Owner Ajo Satellite Sales and Service

As I sit in front of my 50” TV, with such clear channels, and so many I never dreamed that when we were on top of mountains around Ajo trying to bring in just one channel fit to watch, that this is what we were pioneering: And when Ajo had 12 channels and Phoenix had just 5 how things would change in the future. Of course, Ajo has just as many channels of TV as Phoenix does, but back 50 years it was so different because the Democrats controlled the FCC and they would not let cable TV into cities that had a TV station. Some of you may remember the petitions that movie theaters had going around to ban cable TV, but since Hollywood is one of the big donors to the Democrats the spirit of free enterprise was ignored.

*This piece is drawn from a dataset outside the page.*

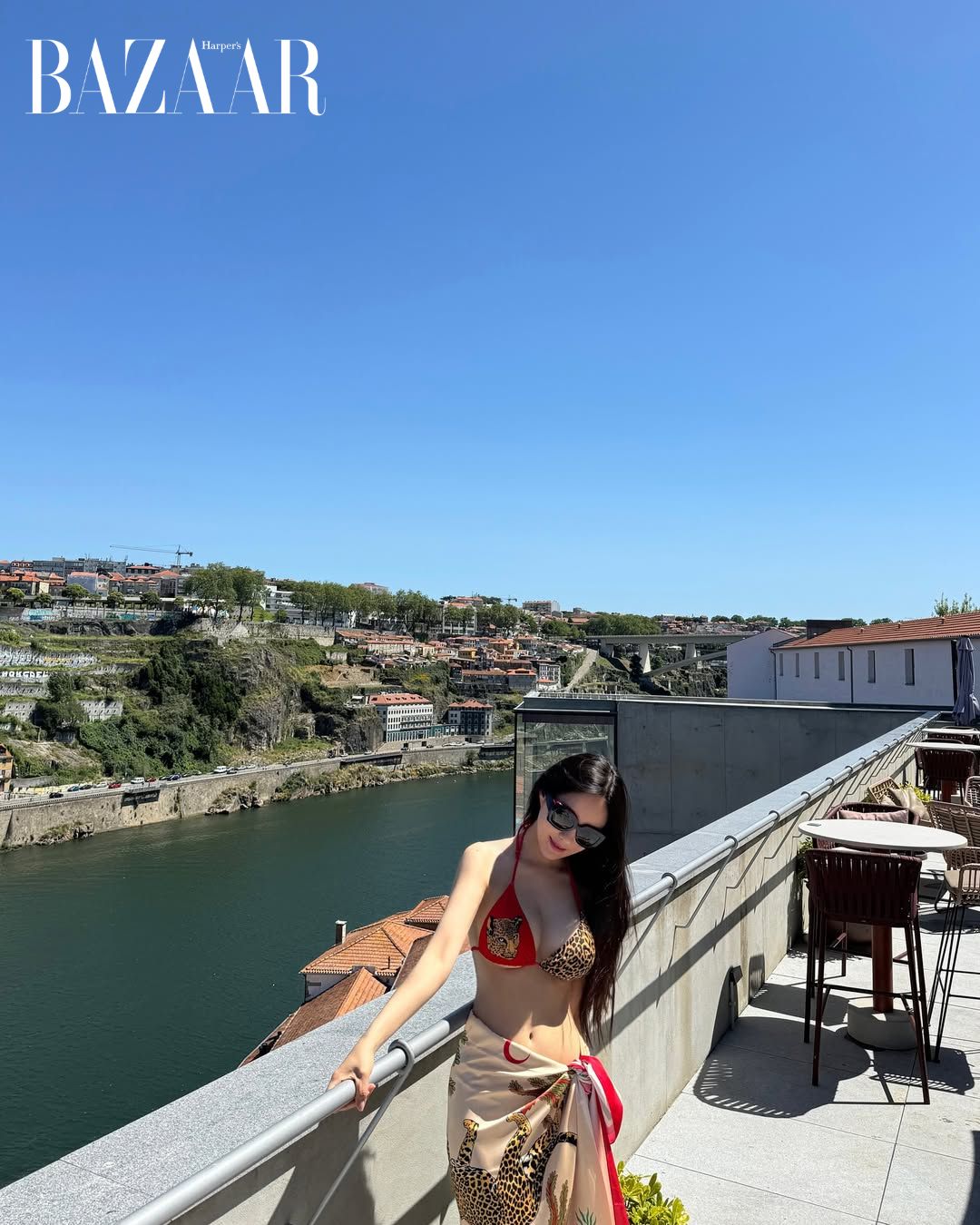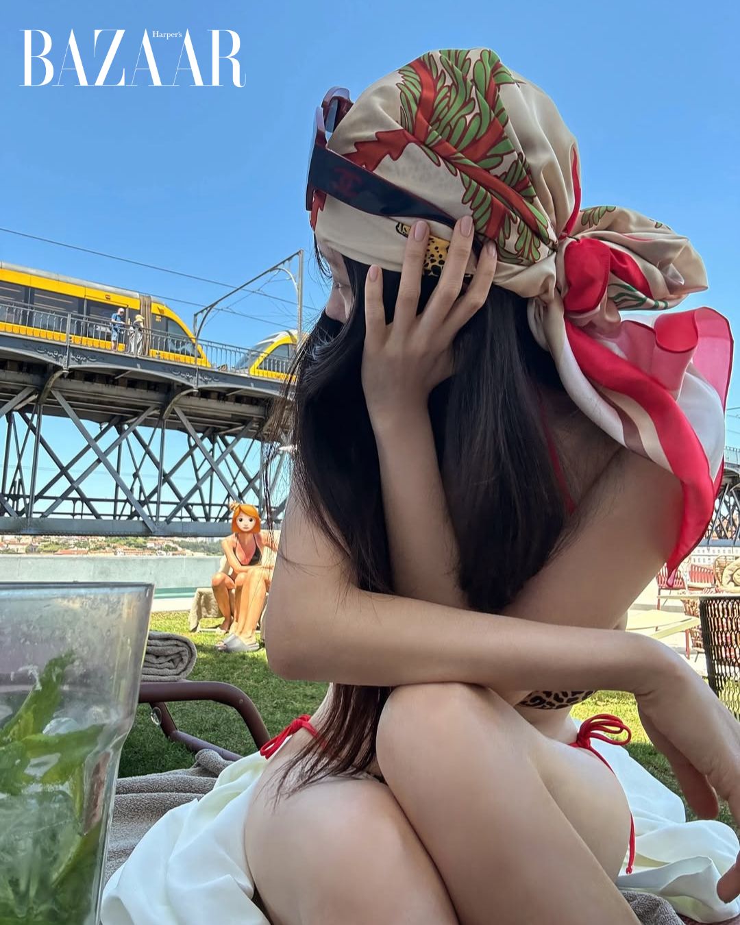 Một trong những món đồ không thể thiếu của Hyomin trong những chuyến du lịch hè 2025 là chiếc khăn lụa bản lớn. Cô thường dùng khăn như một lớp váy quấn, tiện lợi khi cần che chắn lúc di chuyển giữa hồ bơi và nơi ở. Ngoài ra, khăn còn được tận dụng như phụ kiện đội đầu, tạo điểm nhấn duyên dáng cho bộ đồ bơi và đồng thời giúp bảo vệ da đầu khỏi ánh nắng trực tiếp từ mặt trời.

I was on the Board of Directors of the National Cable TV Association which represented 61,000 independent operators and there were over 40 people on the board representing programmers, hardware and operators. I know most people have heard of Ted Turner, who was on the board, but he was small potato compared to most, who like John Malone owned over 13 million subscribers. Our biggest mission was getting the FCC overturned and we did with Senator Goldwater introducing President Regan. Now you know why you have satellite TV in Rocky Point even.

When the mine closed in 1985 in Ajo I sold out in 1989, and knowing some of these big players, I got interested in going to Mexico since most towns by then had cable TV, but the more I checked Mexico I kept hearing about Chile. Chile had only 5 percent unemployment, over 90 percent literacy rate, and free enterprise, so I got my friend Jim Monroe, who at one time was exec. officer of Bruce Merrill who many of you may remember bringing TV to Phoenix.

We got on a plane and flew to Santiago, Chile. We didn’t know anyone there. We did not speak Spanish except for my pidgin and away we went. Chile is a very modern country and when we got there in 1993 most people were already on computers, even little flower shops. We got a rental car and drove from Arica in the North to Puerto Montt in the South. We went with the idea of building one system for ourselves, but saw so much potential that when we got back to the U.S. I went to a colleague of John Malone and got backing to build cable TV in Chile

Chile is a beautiful country in the North where Arica is, it is so dry that it has never rained in the history of man – they get their water from the Andes. Calama, the big copper town near Arica is probably what put the Ajo mine out of business: It had 10,000 workers, the pit was 3 miles across, and so deep that trucks and trains could not bring the ore out, they used a conveyor belt. I asked an official what they would do when the ore ran out and he said that they would just move down the road a couple of miles.

They had TV, but there were only 5 stations and they microwaved them from Santiago to all of Chile, no other selection. So, we went and parked in front of a store renting cassettes to see what they were watching. We thought it would be soccer but were surprised it was cartoons and pornography. There was a Phelps Dodge Mine there and others. Chile is one big exporting country of copper. It is shipped out of a city called Antofagasta and another city getting its water from the Andes by pipeline. The North of Chile is desert; the middle like Globe area and the South like Michigan; and further South the ANTARTICA. With approximately 3,000 miles of coastline can you imagine the different species of fish you have to consume.

The borer of Chile to the East is the Andes and they average about 23,000 feet in height. If you saw the Andes and the movie “Alive” you could understand why it was so hard to find survivors of a plane crash. With the Rockies in an airline you cross in minutes with the Andes it is a good 40 minutes. About 100 years ago they had a war with Peru and Bolivia and, at that time, Bolivia extended all the way to the Pacific Ocean, but Chile beat both countries and as a settlement they go the area that Bolivia had to the ocean and that is why Chile now has it an the copper mines and the big telescope. This is still a sore point with Bolivia, for instance Chile has a wonderful airline called Lan Chile and while we were there, they tried to open an office in La Paz and the resentment made them have to close their offices.